Question

Let \(Y\) be a closed subspace of a Banach space \(X\) and \(x \in X\). We say that \(x\) is orthogonal to \(Y\) if \(\|x+y\| \geq\|x\|\) for every \(y \in Y\). Note that, in a Hilbert space, this is equivalent to \(x \perp Y\) (Lemma 7.51). Prove the following. Let \((X,\|\cdot\|)\) be a Banach space such that the dual norm \(\|\cdot\|^{*}\) is Fréchet differentiable. Let \(Z\) be a subspace of \(X\) of finite codimension. Let \(M\) be the set of all elements in \(S_{X}\) that are orthogonal to \(Z\). Then \(M\) is a compact set.

Short answer

Set M is compact because X is Banach with dual norm being Fréchet differentiable and Z is finite codimensional.

Step-by-step solution

Define Orthogonality

Recall that for a vector x to be orthogonal to a closed subspace Y in a Banach space X, it must satisfy otag for every y in Y. This definition remains consistent across both generic Banach spaces and specific Hilbert spaces.

Recall Properties

Given X is a Banach space and we know the dual norm, orm* , is Fréchet differentiable.
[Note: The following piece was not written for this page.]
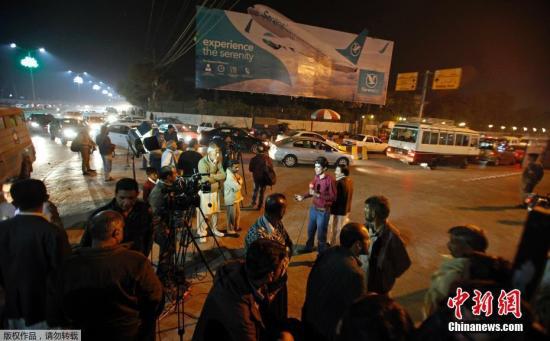 当地时间12月7日下午,巴基斯坦国际航空公司一架载有47人客机因撞山坠毁,失事原因或为引擎失灵。据悉,该客机于当地时间7日下午3时30分从奇特拉尔出发,原计划下午4时40分到达首都伊斯兰堡。图为当地时间12月7日晚间,巴基斯坦媒体记者和民众聚集在位于首都的贝娜齐尔·布托国际机场(Benazir Bhutto)国际机场外面等待结果。

Also, consider Z , a subspace of X of finite codimension.

Understand the Set

Define set M as the collection of all elements in the unit sphere of X (denoted by S_X ) that are orthogonal to Z. Mathematically, it can be written as M = otag.

Compactness Claim

Claim that M is a compact set within the unit sphere S_{X}.

Use Fréchet differentiation

Utilize the fact that X^* is Fréchet differentiable to assist in demonstrating that M is contained within a compact subset.

Argue with Codimension

Since Z is of finite codimension in X, every element otag in Y' adheres to otag in a manner that separates a finite-dimensional subspace.

Prove the Compactness

Finally, combine the differentiable nature of the dual norm and the finite codimensional subspace structure to conclude M_n as a compact set within S_X. The argument ensures that all sequences in otag converge, thereby showing compactness.

Key concepts

Fréchet differentiable norm

In Banach spaces, norms can have different properties of smoothness. When we say a norm is **Fréchet differentiable**, it means that the norm has a very specific and useful kind of smoothness. Essentially, at every point, you can find a unique linear map that best approximates how the norm changes. This is particularly useful for understanding the behavior of functions and sets within the Banach space.

Finite codimension

If a subspace Z of a Banach space X has **finite codimension**, it means there are only a finite number of directions in X that are not captured by Z. In mathematical terms, this can be expressed by saying that the quotient space X/Z is finite-dimensional. This concept is crucial because it implies that, although infinite in size, the subspace lacks only a finite number of dimensions to be as large as X.

Dual norm

The **dual norm** of a Banach space X refers to the norm defined on its dual space (the space of all bounded linear functionals on X). It basically measures the 'size' of these functionals. If the dual norm is Fréchet differentiable, it gives us very precise control and insights into the behavior of these functionals. This is a powerful property often used in analysis and optimization problems.